+++ MATERIAL PROVIDED

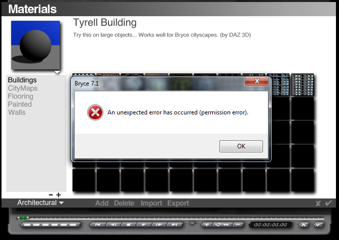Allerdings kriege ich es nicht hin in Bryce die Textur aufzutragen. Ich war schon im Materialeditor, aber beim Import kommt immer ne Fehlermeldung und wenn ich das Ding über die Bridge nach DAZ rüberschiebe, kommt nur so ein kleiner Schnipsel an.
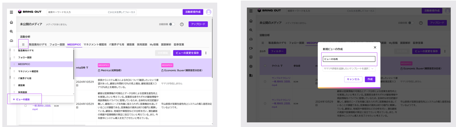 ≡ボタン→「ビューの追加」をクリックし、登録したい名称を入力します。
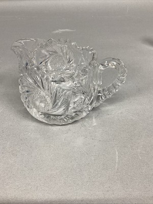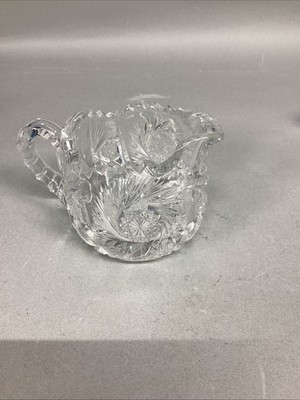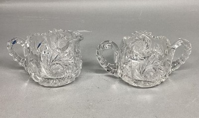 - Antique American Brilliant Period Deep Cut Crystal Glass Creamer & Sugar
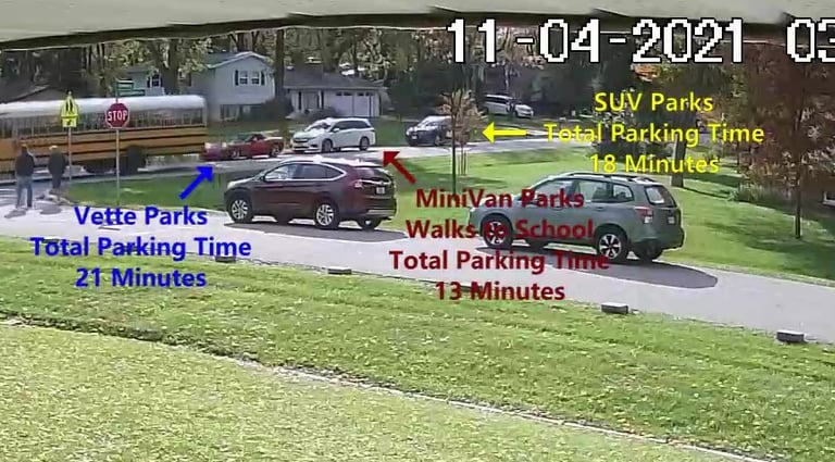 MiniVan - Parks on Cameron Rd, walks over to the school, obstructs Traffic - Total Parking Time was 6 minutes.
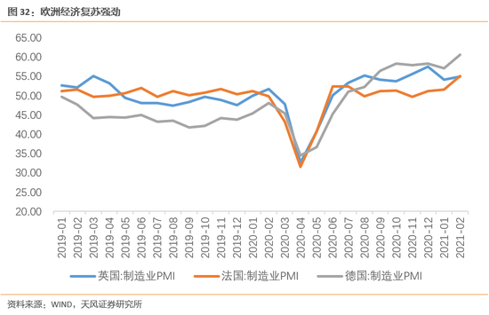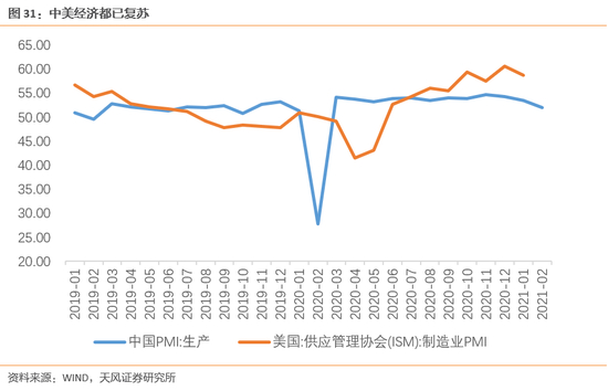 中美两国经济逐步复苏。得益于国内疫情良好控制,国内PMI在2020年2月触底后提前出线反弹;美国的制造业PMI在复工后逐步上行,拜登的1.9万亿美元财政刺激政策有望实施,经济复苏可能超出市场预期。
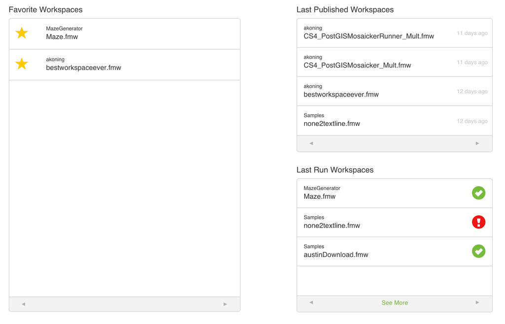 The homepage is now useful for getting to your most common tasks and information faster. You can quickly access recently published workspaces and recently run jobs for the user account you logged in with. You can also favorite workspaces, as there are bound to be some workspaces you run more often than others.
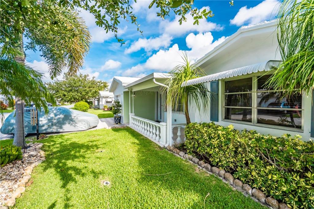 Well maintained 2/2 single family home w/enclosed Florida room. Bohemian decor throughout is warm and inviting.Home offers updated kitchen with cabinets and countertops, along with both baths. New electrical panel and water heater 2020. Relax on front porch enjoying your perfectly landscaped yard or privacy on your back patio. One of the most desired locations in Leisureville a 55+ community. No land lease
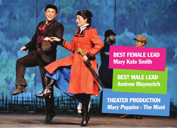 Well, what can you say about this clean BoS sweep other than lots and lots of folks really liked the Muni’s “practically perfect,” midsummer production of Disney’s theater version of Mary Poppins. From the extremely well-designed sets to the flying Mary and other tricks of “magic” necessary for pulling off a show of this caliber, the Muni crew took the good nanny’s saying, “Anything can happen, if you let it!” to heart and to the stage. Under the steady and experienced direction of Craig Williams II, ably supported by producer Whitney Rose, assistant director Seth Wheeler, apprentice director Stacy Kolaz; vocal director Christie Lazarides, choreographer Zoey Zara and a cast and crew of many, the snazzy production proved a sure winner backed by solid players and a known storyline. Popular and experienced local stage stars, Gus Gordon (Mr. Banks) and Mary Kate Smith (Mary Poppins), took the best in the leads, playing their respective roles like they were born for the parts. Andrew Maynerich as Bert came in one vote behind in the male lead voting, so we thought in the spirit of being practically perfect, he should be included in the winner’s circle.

++++++
+++ MATERIAL PROVIDED

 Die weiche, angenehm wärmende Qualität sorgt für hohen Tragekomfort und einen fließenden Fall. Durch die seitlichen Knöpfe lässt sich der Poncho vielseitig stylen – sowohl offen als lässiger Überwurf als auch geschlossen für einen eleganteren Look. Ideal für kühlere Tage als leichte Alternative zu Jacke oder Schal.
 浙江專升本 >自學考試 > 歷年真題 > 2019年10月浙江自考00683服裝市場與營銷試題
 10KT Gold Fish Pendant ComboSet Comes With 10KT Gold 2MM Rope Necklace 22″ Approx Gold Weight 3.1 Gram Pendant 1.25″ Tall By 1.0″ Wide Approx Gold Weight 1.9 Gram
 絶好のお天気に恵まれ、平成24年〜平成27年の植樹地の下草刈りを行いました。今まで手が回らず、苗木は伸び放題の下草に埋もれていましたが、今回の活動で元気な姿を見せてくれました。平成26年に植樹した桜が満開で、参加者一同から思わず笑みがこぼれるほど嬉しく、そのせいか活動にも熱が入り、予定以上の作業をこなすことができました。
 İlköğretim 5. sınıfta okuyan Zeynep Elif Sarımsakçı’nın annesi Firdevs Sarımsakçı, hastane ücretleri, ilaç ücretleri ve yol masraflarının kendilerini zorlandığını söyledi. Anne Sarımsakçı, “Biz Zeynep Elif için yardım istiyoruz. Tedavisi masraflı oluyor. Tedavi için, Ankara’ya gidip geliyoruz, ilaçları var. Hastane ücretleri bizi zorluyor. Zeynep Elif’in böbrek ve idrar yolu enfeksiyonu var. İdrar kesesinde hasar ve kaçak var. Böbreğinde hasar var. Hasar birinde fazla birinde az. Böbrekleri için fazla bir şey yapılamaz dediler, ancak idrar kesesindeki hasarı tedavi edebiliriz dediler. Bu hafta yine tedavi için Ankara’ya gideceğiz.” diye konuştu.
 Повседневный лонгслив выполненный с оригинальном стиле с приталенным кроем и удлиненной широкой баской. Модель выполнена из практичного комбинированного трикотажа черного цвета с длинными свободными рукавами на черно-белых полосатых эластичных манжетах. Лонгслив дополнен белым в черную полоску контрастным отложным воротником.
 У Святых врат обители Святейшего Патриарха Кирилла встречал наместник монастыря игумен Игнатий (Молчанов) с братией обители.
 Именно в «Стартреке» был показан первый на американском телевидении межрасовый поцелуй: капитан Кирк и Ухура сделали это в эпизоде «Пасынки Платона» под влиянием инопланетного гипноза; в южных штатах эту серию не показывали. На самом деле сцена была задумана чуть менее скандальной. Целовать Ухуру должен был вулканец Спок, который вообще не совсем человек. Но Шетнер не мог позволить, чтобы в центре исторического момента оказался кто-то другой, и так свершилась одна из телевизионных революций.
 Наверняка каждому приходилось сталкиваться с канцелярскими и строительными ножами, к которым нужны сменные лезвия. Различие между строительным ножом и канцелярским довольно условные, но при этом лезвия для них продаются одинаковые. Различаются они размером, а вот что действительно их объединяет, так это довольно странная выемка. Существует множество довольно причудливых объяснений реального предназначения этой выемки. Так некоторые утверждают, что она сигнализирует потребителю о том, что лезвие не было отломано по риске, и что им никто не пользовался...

++++++
+++ MATERIAL PROVIDED

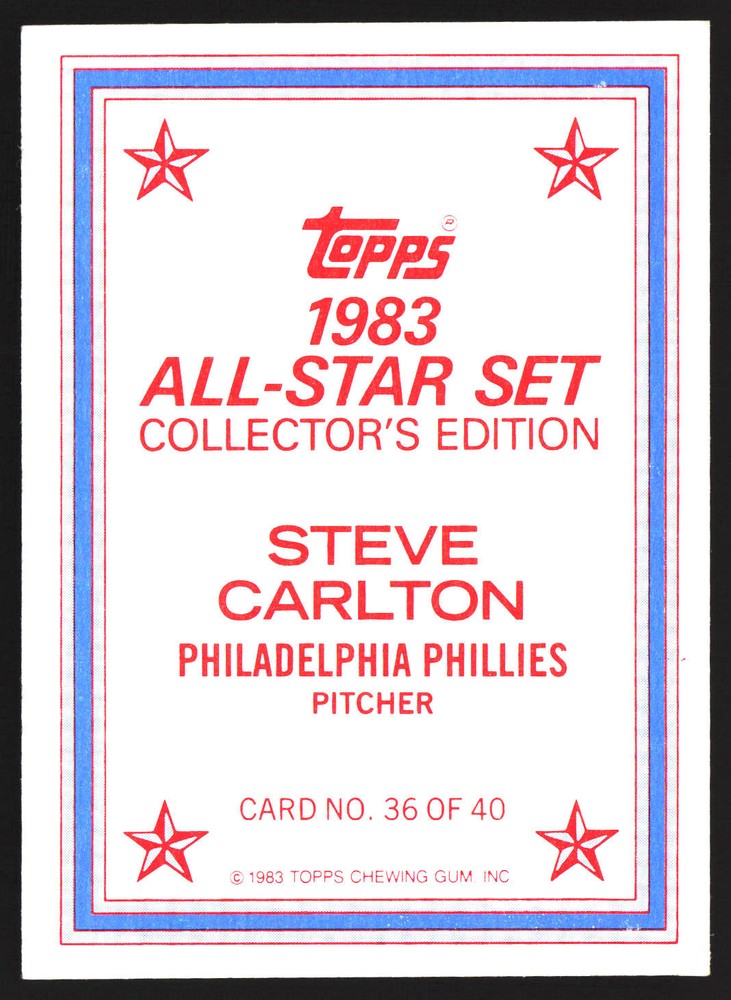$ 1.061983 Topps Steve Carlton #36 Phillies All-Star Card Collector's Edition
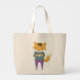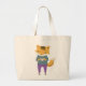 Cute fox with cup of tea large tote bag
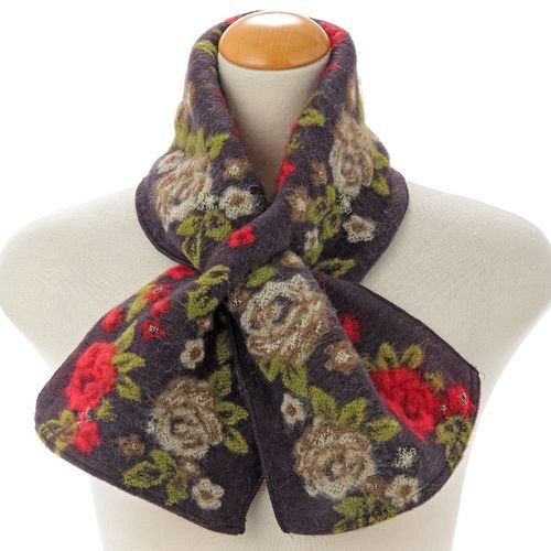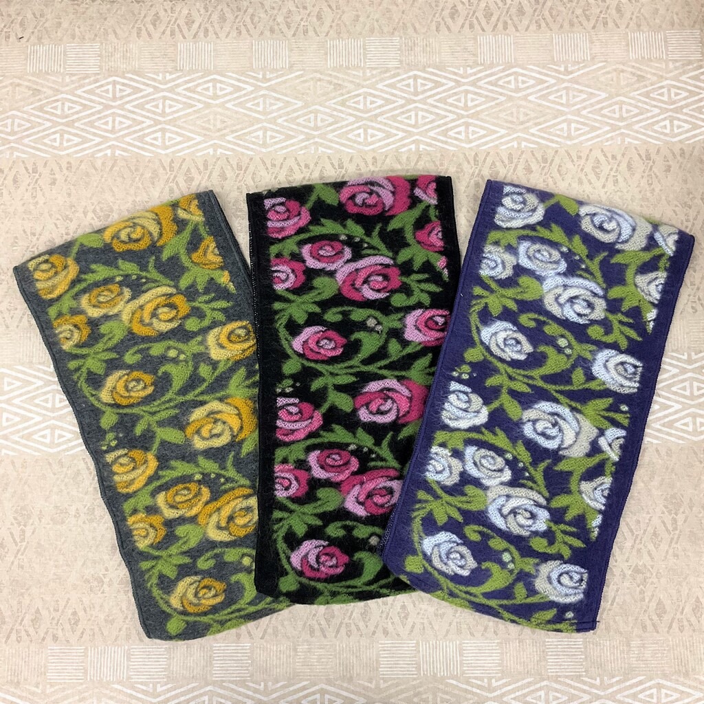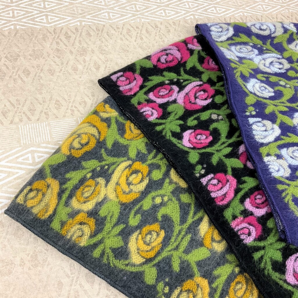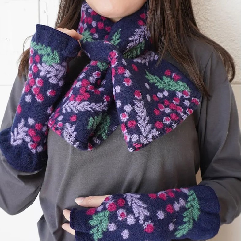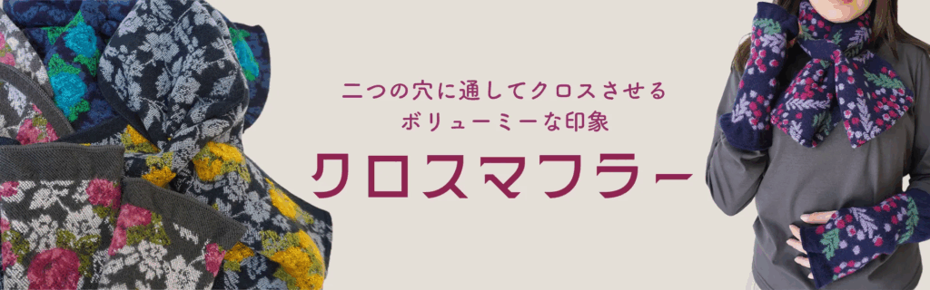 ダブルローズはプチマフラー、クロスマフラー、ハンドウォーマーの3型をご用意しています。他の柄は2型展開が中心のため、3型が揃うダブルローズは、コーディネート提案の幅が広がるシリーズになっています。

++++++

From the material above, reproduce only what runs from the line holding "- Antique American" down to the line holding "Well maintained 2/2", both included, pictures excluded.

> _EXERCISE ANSWER_:
 - Antique American Brilliant Period Deep Cut Crystal Glass Creamer & Sugar
 MiniVan - Parks on Cameron Rd, walks over to the school, obstructs Traffic - Total Parking Time was 6 minutes.
 中美两国经济逐步复苏。得益于国内疫情良好控制,国内PMI在2020年2月触底后提前出线反弹;美国的制造业PMI在复工后逐步上行,拜登的1.9万亿美元财政刺激政策有望实施,经济复苏可能超出市场预期。
 The homepage is now useful for getting to your most common tasks and information faster. You can quickly access recently published workspaces and recently run jobs for the user account you logged in with. You can also favorite workspaces, as there are bound to be some workspaces you run more often than others.
 Well maintained 2/2 single family home w/enclosed Florida room. Bohemian decor throughout is warm and inviting.Home offers updated kitchen with cabinets and countertops, along with both baths. New electrical panel and water heater 2020. Relax on front porch enjoying your perfectly landscaped yard or privacy on your back patio. One of the most desired locations in Leisureville a 55+ community. No land lease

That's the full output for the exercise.